Your instructions ▸ Set down each record below exactly as it stands. Pictures are not part of the copy.

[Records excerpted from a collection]
====
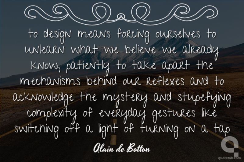 to design means forcing ourselves to unlearn what we believe we already know, patiently to take apart the mechanisms behind our reflexes and to acknowledge the mystery and stupefying complexity of everyday gestures like switching off a light of turning on a tap
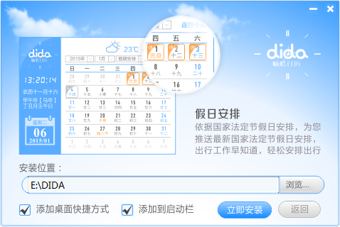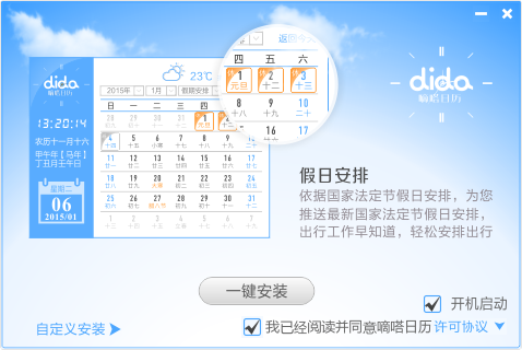 嘀嗒日历是一款好用的桌面日历工具,嘀嗒日历电脑版之中有着非常多的功能可以使用,软件支持查阅全面的工作时间和休息时间,并且记录下每天的工作时间以及假日安排,让用户可以更好的记录好生活。
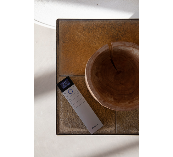 Изогнутая эстетика внутренних блоков перенесена и на новые изящные пульты дистанционного управления. Они отличаются интуитивно понятным интерфейсом и позволяют легко управлять наиболее важными функциями кондиционера. Для удобства пользователей предусмотрено эргономичное крепление пульта ДУ к магнитному держателю на стене. Доступно голосовое управление основными функциями сплит-системы через виртуальных ассистентов «Amazon Alexa» или «Google Assistant». Приложение Daikin «Onecta» помогает контролировать функционирование кондиционера на расстоянии и получать отчёт о потреблении электроэнергии с помощью смартфона или планшета, с использованием локальной сети или интернет.
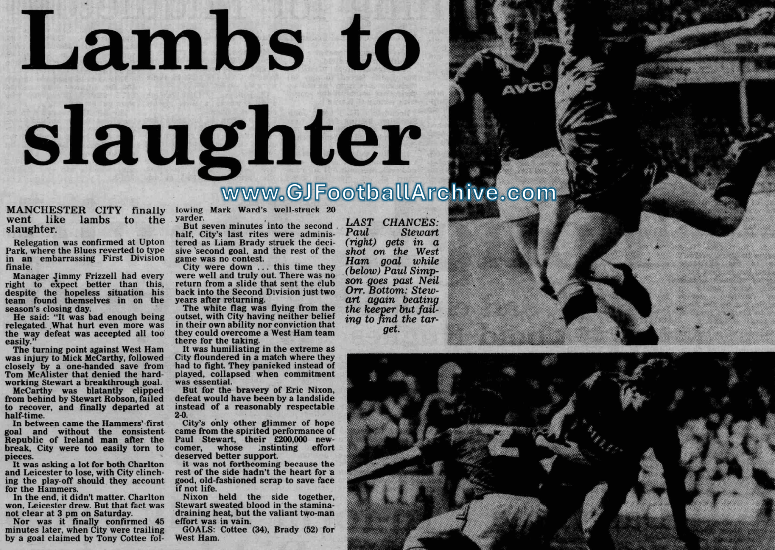 On this day (9 May) in 1987 Manchester City were relegated after a 2-0 defeat at West Ham (see match report). At the end of the game City supporters and West Ham fans climbed over the fences and onto the pitch. Some thought that the two sets of supporters were about to confront each other, but the fans knew differently. The Hammers began chanting “You’ll be back” and both groups swapped scarves and souvenirs on the pitch. It was the kind of moment that should have been widely reported in the media but at the time focus tended to be on hooliganism and confrontation rather than the positives of football support. City had been relegated, but their supporters did not seek revenge. The West Ham fans could have ridiculed, but they didn’t. If only those condemning football fans at the time could have seen the two sets of loyal supporters genuinely appreciating and understanding each other.
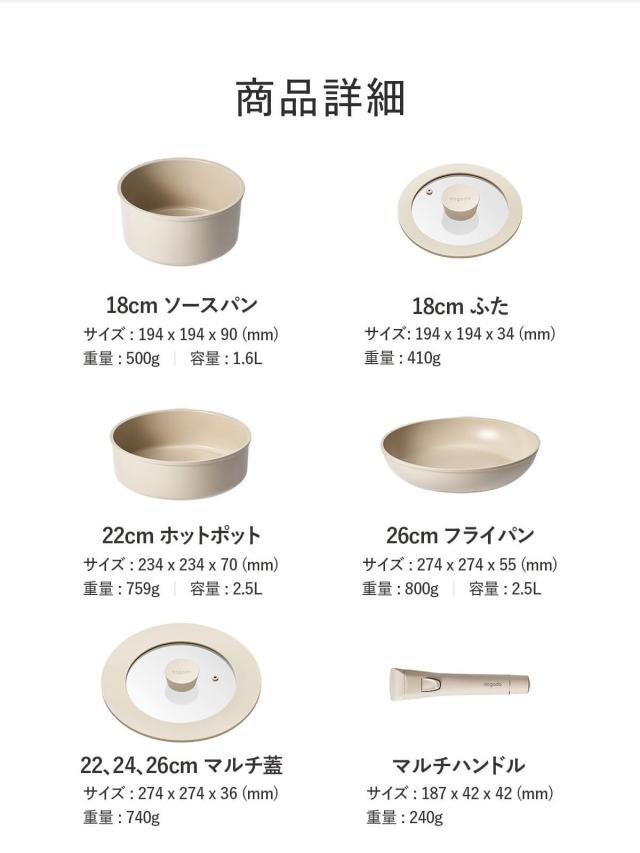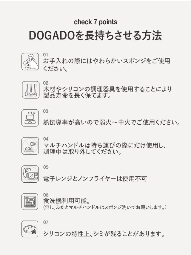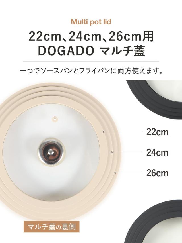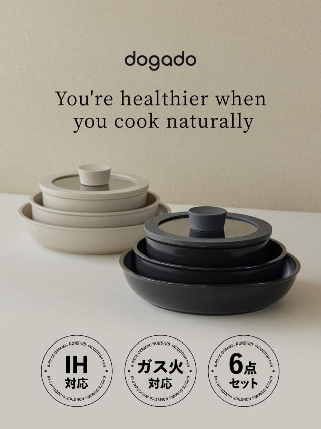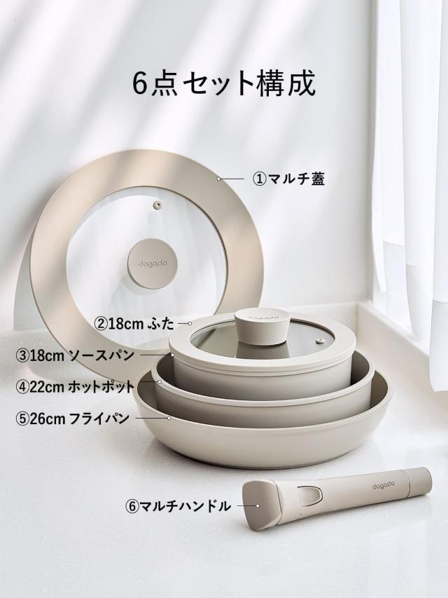 DOGADO ドガド フライパン 片手鍋 フタ 取っ手 6点セット 18cm 22cm 26cm IH対応 軽量 皿 セラミック
====
Response to the task ▸
 to design means forcing ourselves to unlearn what we believe we already know, patiently to take apart the mechanisms behind our reflexes and to acknowledge the mystery and stupefying complexity of everyday gestures like switching off a light of turning on a tap
 嘀嗒日历是一款好用的桌面日历工具,嘀嗒日历电脑版之中有着非常多的功能可以使用,软件支持查阅全面的工作时间和休息时间,并且记录下每天的工作时间以及假日安排,让用户可以更好的记录好生活。
 Изогнутая эстетика внутренних блоков перенесена и на новые изящные пульты дистанционного управления. Они отличаются интуитивно понятным интерфейсом и позволяют легко управлять наиболее важными функциями кондиционера. Для удобства пользователей предусмотрено эргономичное крепление пульта ДУ к магнитному держателю на стене. Доступно голосовое управление основными функциями сплит-системы через виртуальных ассистентов «Amazon Alexa» или «Google Assistant». Приложение Daikin «Onecta» помогает контролировать функционирование кондиционера на расстоянии и получать отчёт о потреблении электроэнергии с помощью смартфона или планшета, с использованием локальной сети или интернет.
 On this day (9 May) in 1987 Manchester City were relegated after a 2-0 defeat at West Ham (see match report). At the end of the game City supporters and West Ham fans climbed over the fences and onto the pitch. Some thought that the two sets of supporters were about to confront each other, but the fans knew differently. The Hammers began chanting “You’ll be back” and both groups swapped scarves and souvenirs on the pitch. It was the kind of moment that should have been widely reported in the media but at the time focus tended to be on hooliganism and confrontation rather than the positives of football support. City had been relegated, but their supporters did not seek revenge. The West Ham fans could have ridiculed, but they didn’t. If only those condemning football fans at the time could have seen the two sets of loyal supporters genuinely appreciating and understanding each other.
 DOGADO ドガド フライパン 片手鍋 フタ 取っ手 6点セット 18cm 22cm 26cm IH対応 軽量 皿 セラミック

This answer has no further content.